Wolfsind wurde nach der Überlieferung von ihrem Vater, dem Gaugrafen auf Warth, getötet. Weil sie sich weigerte, dem christlichen Glauben abzuschwören, habe er seine Tochter mit einem Pferde zu Tode geschleift. Nach anderer Überlieferung wurde sie von einem abgewiesenen heidnischen Anführer eines Kriegsheeres umgebracht. In beiden Fällen wird berichtet, dass an der Stelle ihres Martyriums eine Quelle entsprungen sei.

Zum ersten Mal wird eine Wolfsind erwähnt im Jahr 739 in einem Totenkalender des Klosters Wessobrunn. Die Verehrung als Heilige und Märtyrerin ist erstmals im 12. Jahrhundert belegt. Im 18. Jahrhundert blühte er Kult auf, das Verbot einer Wallfahrt hatte keine Wirkung; erst im 19. Jahrhundert wurde ihre Legende aufgezeichnet. Die angeblichen Gebeine von Wofsind, ursprünglich in der Pfarrkirche in Reisbach aufbewahrt, sollen in den Wirren des Dreißigjährigen Krieges verloren gegangen sein.

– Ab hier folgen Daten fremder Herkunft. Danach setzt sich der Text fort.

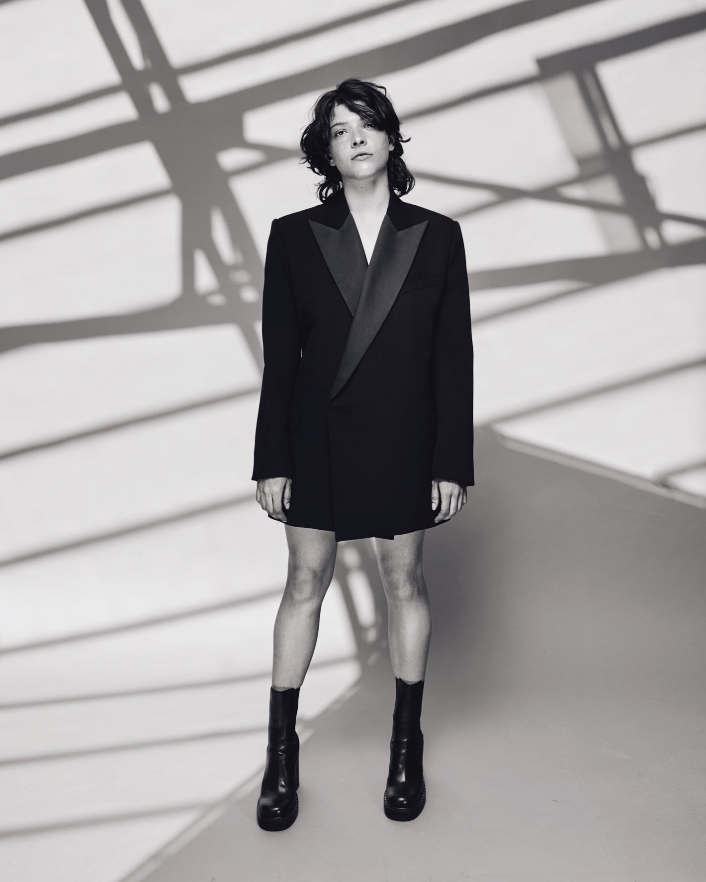 J’AIME CETTE VESTE CAR ELLE A UN CÔTÉ TRÈS FÉMININ ET MASCULIN EN MÊME TEMPS. JE ME RETROUVE DANS ÇA, CAR JE TROUVE QUE DANS TOUTES LES FEMMES IL Y A UN PEU DE MASCULINITÉ, UN TRUC UN PEU FORT. IL Y A AUSSI DE TRÈS BELLES COULEURS DANS LE VESTIAIRE DE BARBARABUIET JE TROUVE ÇA COOL PARCE QUE C’EST OSÉ.
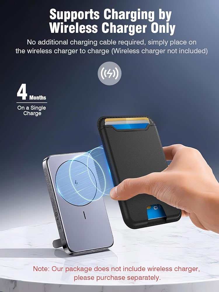 【Rechargeable & Long Battery Life】This magnetic card wallet with find my function does not require charging cable. It is charged wirelessly, so please make sure you have a wireless charger before purchasing. The smart card built into the Magsafe wallet lasts up to 4 months on a single charge, so you don't have to worry about recharging it too often.

Über dem als heilkräftig geltende Fieberbrünnl in Reisbach wurde 1816 eine Kapelle erbaut und 1822 durch Weihbischof Streber eingeweiht. Seitdem findet jedes Jahr am 2. September ein feierlicher Gottesdienst statt; am Sonntag vor oder nach dem 2. September zieht eine Prozession zur Kapelle.